## What the task asks
Exactly as written, reproduce the lines from the beginning of the data through the line containing "- Add the onion, bell"; the pictures are not reproduced.

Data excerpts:
Content starts

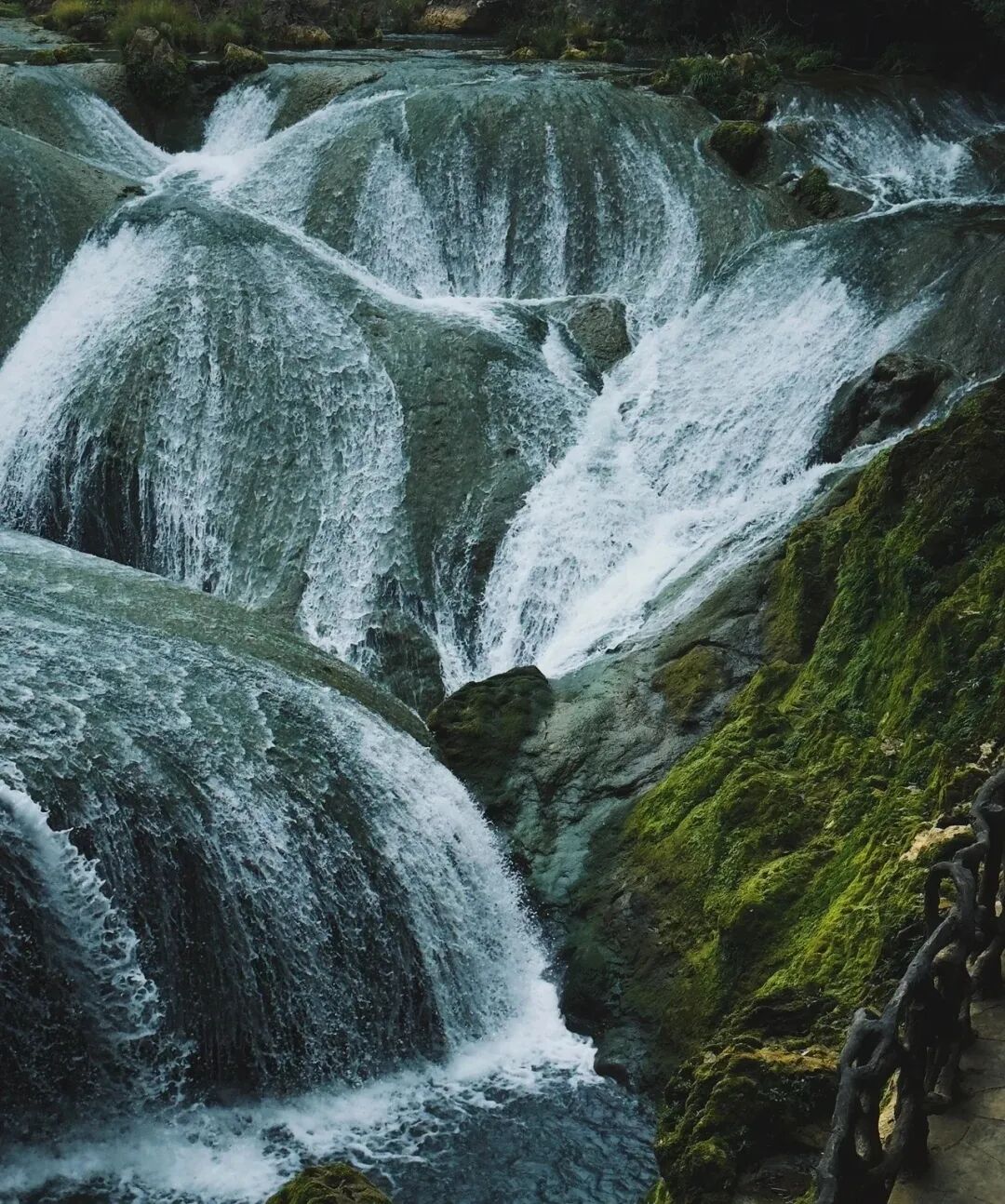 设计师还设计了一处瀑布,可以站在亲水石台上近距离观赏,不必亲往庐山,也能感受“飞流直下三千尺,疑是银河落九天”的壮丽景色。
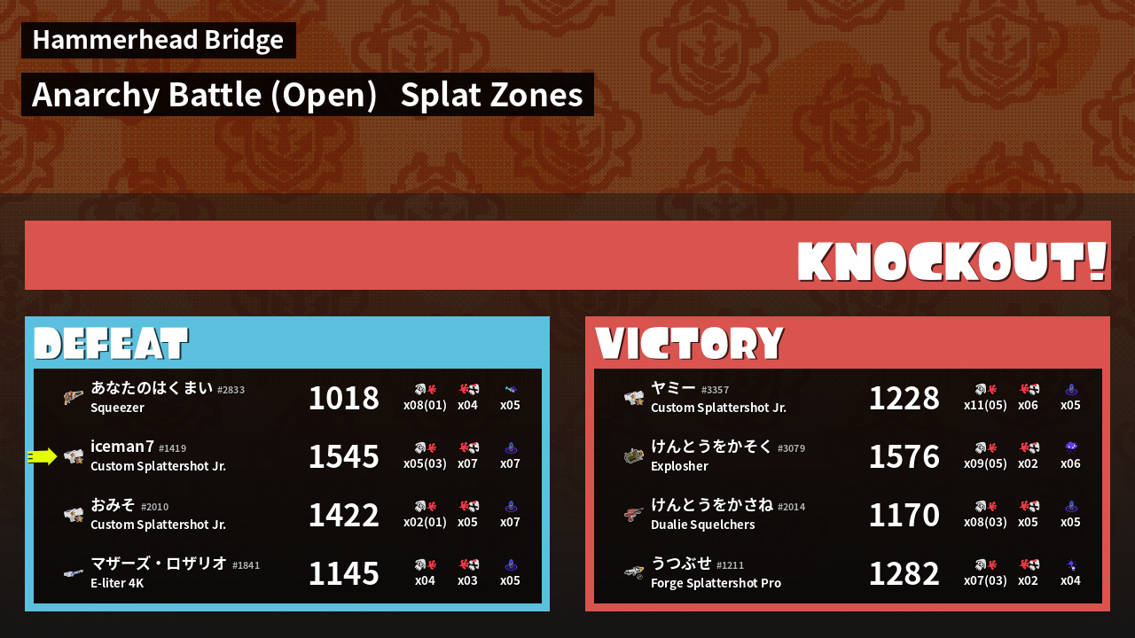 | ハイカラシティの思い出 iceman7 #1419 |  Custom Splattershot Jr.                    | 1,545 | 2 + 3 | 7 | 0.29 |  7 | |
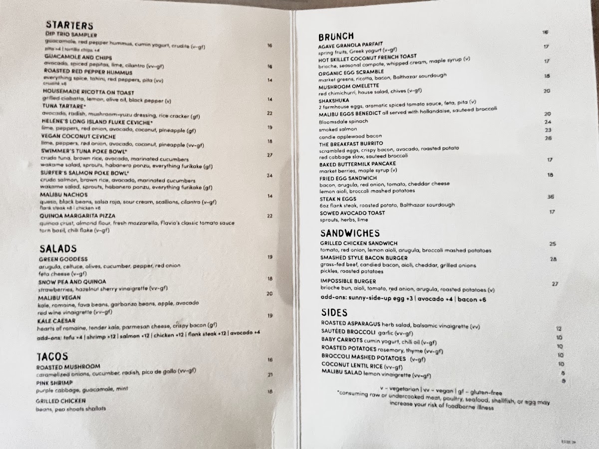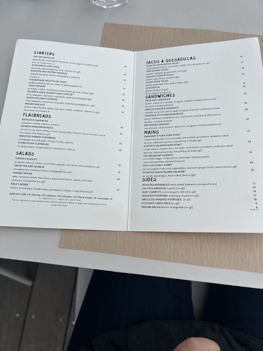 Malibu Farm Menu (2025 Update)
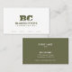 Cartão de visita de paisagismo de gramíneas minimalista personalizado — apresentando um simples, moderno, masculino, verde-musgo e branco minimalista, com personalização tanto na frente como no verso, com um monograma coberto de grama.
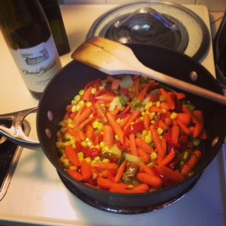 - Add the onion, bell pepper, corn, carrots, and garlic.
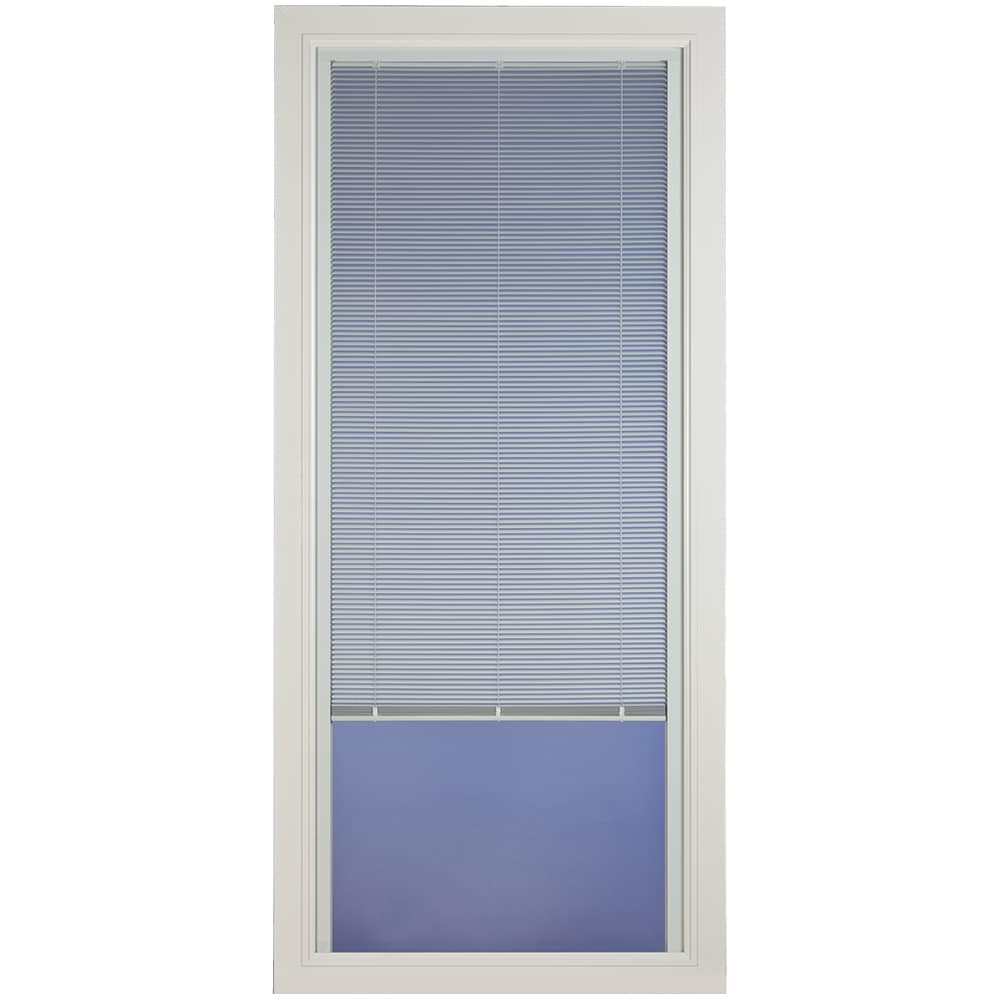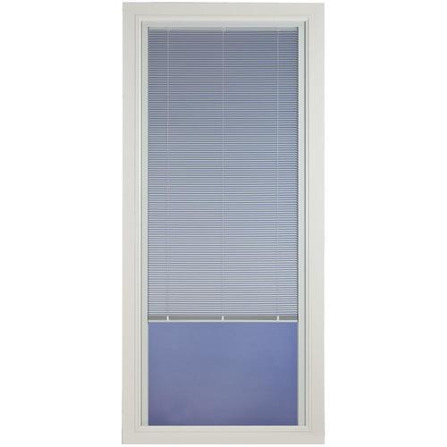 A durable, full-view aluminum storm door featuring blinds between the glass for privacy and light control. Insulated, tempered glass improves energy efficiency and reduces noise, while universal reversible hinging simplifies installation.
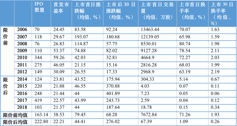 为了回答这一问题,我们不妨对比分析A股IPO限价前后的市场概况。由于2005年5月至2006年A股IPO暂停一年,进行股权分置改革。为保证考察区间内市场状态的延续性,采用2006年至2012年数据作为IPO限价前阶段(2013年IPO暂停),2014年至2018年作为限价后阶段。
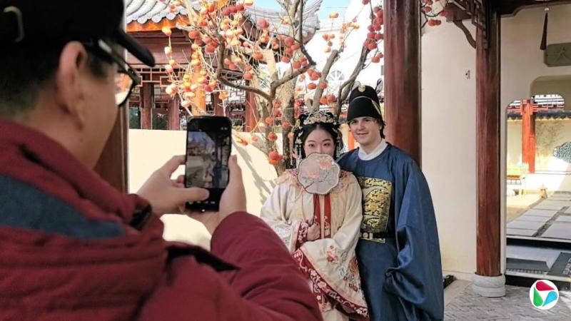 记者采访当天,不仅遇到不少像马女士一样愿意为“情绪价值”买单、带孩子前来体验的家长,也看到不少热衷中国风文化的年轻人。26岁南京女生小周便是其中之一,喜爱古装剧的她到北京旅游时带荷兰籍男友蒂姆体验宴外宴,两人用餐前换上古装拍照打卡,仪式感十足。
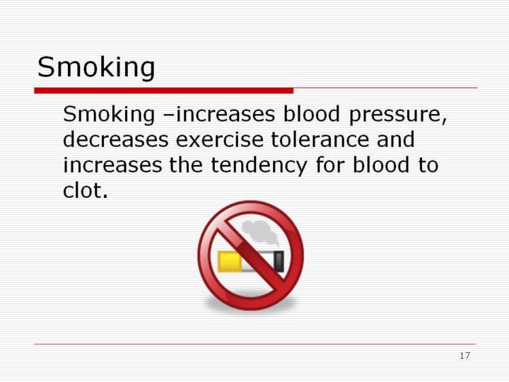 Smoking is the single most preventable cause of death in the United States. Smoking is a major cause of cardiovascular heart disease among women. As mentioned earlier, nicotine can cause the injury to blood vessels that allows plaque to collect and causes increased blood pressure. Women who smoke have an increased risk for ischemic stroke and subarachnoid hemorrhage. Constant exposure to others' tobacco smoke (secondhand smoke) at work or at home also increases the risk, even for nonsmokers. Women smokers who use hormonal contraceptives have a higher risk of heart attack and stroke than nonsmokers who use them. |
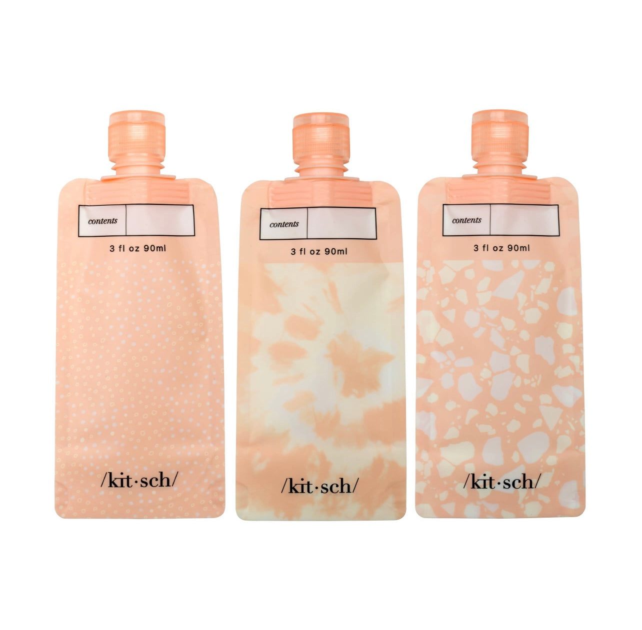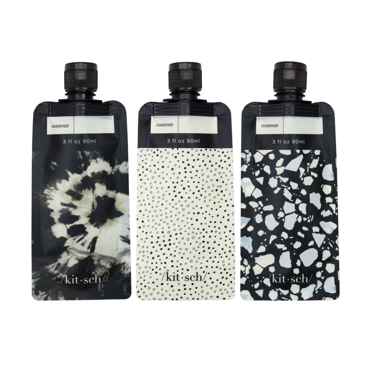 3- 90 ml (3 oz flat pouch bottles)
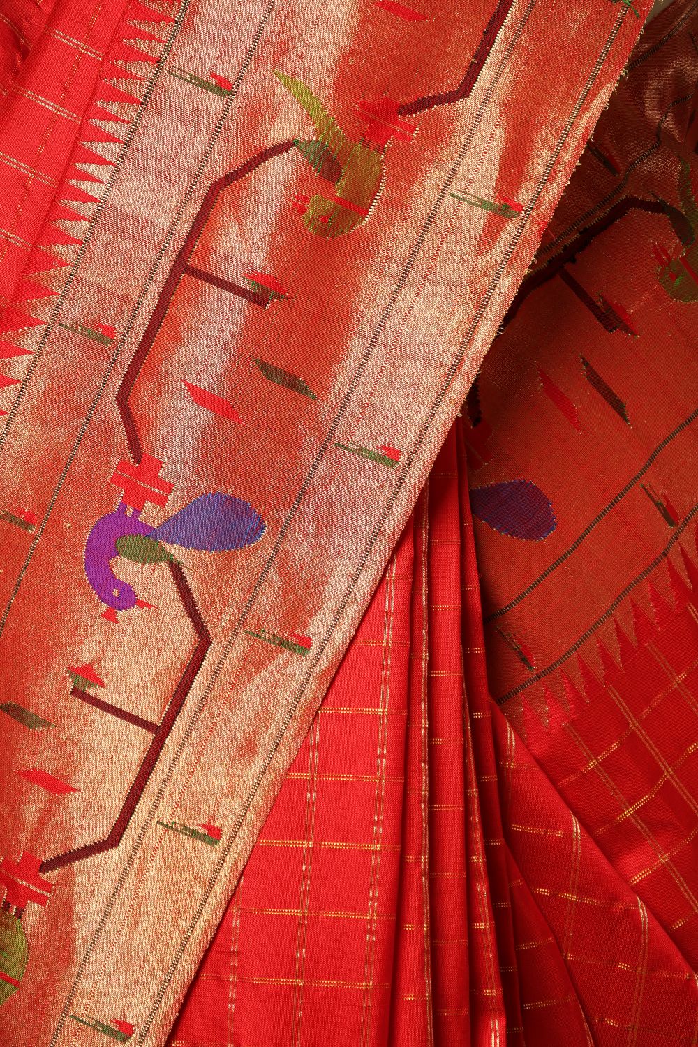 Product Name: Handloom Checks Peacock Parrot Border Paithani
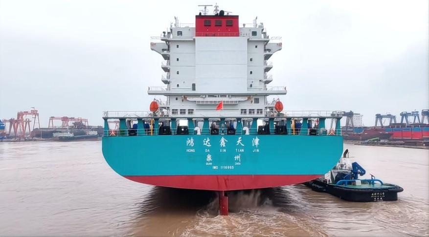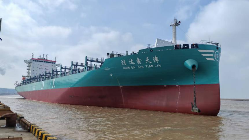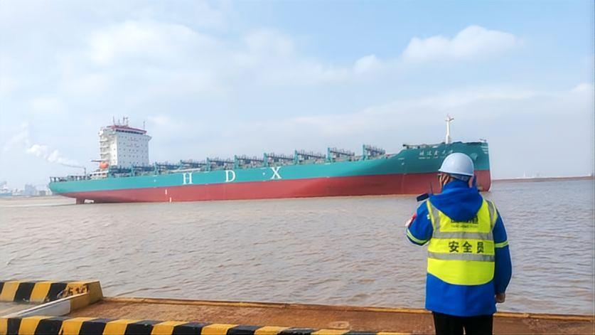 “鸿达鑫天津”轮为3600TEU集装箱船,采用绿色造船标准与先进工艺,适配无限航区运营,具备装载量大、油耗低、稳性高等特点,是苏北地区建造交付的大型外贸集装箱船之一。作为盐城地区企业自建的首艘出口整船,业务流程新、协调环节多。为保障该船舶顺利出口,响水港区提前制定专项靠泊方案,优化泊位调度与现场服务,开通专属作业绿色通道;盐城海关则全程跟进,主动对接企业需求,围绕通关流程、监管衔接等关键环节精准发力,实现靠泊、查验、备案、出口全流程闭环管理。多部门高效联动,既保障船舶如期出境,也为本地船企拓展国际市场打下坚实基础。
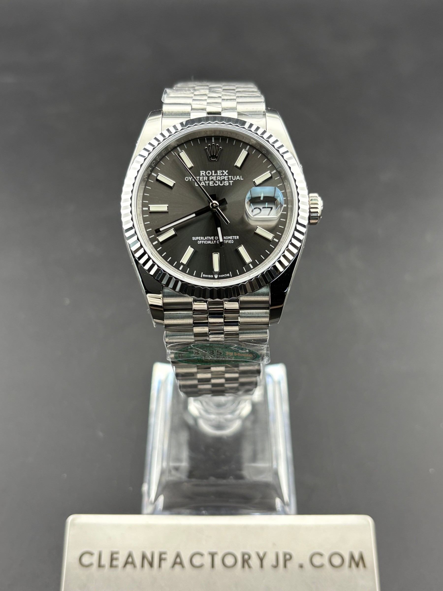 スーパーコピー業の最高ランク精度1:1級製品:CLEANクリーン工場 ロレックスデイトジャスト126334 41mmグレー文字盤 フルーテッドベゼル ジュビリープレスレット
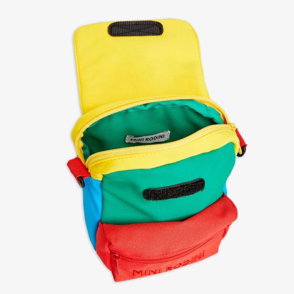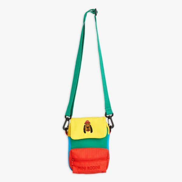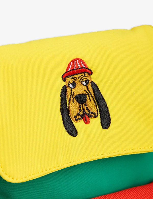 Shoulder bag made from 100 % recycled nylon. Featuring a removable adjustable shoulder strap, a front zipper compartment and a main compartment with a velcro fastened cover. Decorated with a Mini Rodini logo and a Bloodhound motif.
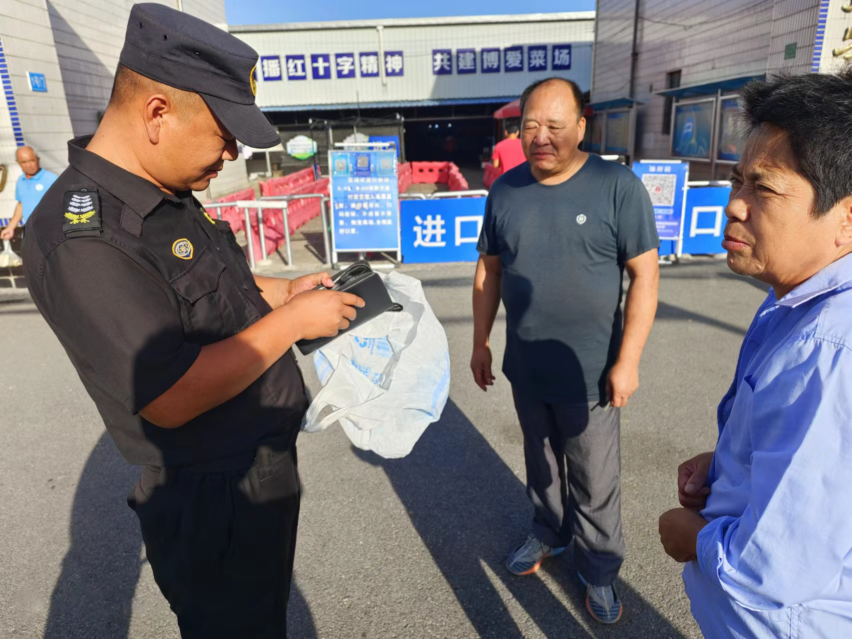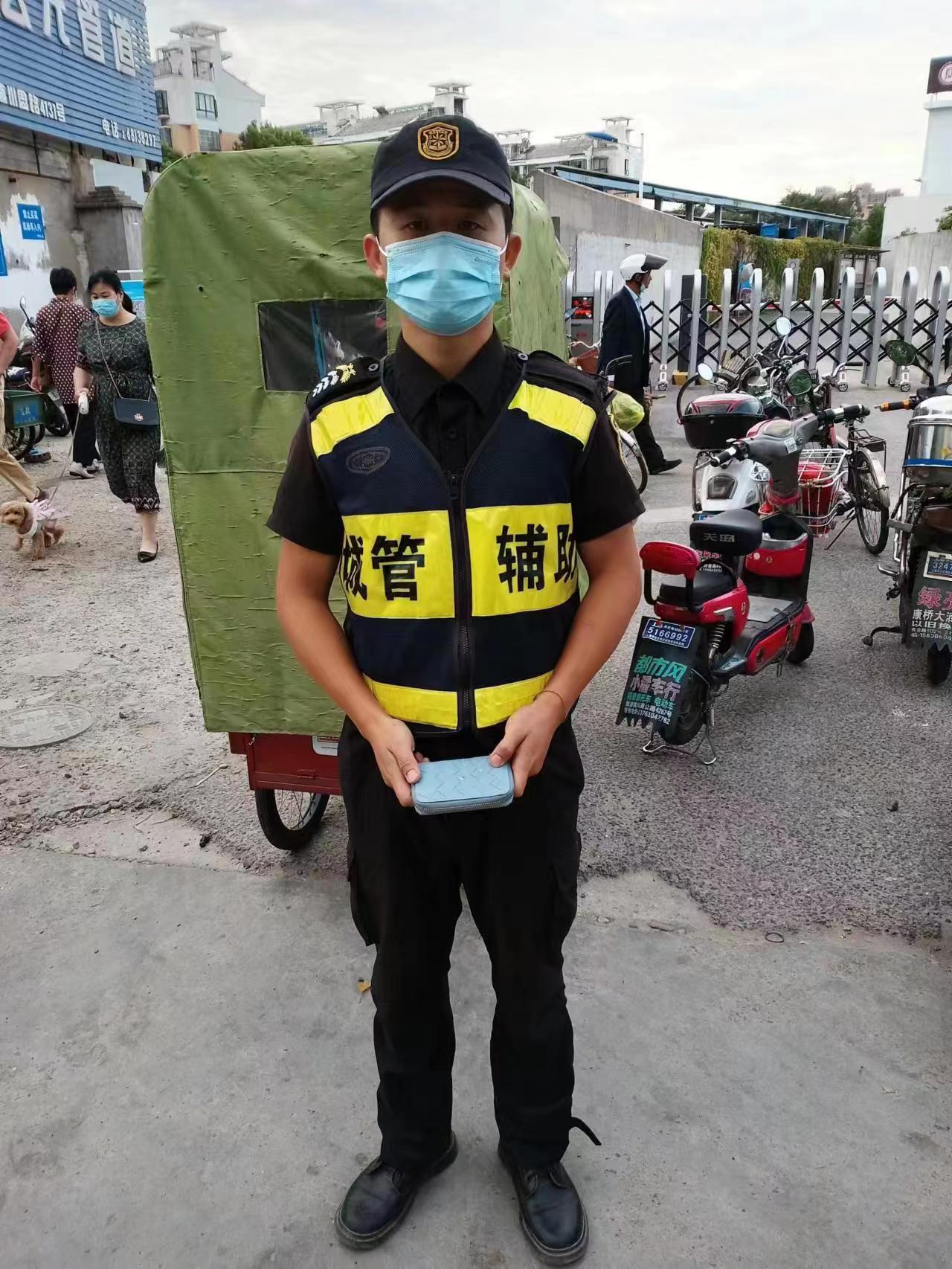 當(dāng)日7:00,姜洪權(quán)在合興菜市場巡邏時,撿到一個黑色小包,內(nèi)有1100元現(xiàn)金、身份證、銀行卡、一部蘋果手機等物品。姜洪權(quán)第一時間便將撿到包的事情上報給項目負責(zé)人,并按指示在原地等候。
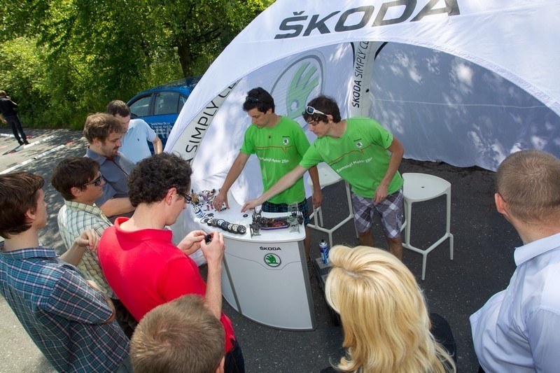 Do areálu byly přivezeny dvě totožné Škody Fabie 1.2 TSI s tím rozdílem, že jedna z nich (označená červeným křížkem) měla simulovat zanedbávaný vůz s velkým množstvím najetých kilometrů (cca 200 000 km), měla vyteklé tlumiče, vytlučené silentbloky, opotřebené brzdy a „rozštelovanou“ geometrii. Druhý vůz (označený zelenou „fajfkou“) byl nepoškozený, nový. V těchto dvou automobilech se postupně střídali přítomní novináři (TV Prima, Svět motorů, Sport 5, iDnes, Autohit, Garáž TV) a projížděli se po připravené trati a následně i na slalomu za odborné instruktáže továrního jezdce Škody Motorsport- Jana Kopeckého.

Content ends

## Response area
 设计师还设计了一处瀑布,可以站在亲水石台上近距离观赏,不必亲往庐山,也能感受“飞流直下三千尺,疑是银河落九天”的壮丽景色。
 | ハイカラシティの思い出 iceman7 #1419 |  Custom Splattershot Jr.                    | 1,545 | 2 + 3 | 7 | 0.29 |  7 | |
 Malibu Farm Menu (2025 Update)
 Cartão de visita de paisagismo de gramíneas minimalista personalizado — apresentando um simples, moderno, masculino, verde-musgo e branco minimalista, com personalização tanto na frente como no verso, com um monograma coberto de grama.
 - Add the onion, bell pepper, corn, carrots, and garlic.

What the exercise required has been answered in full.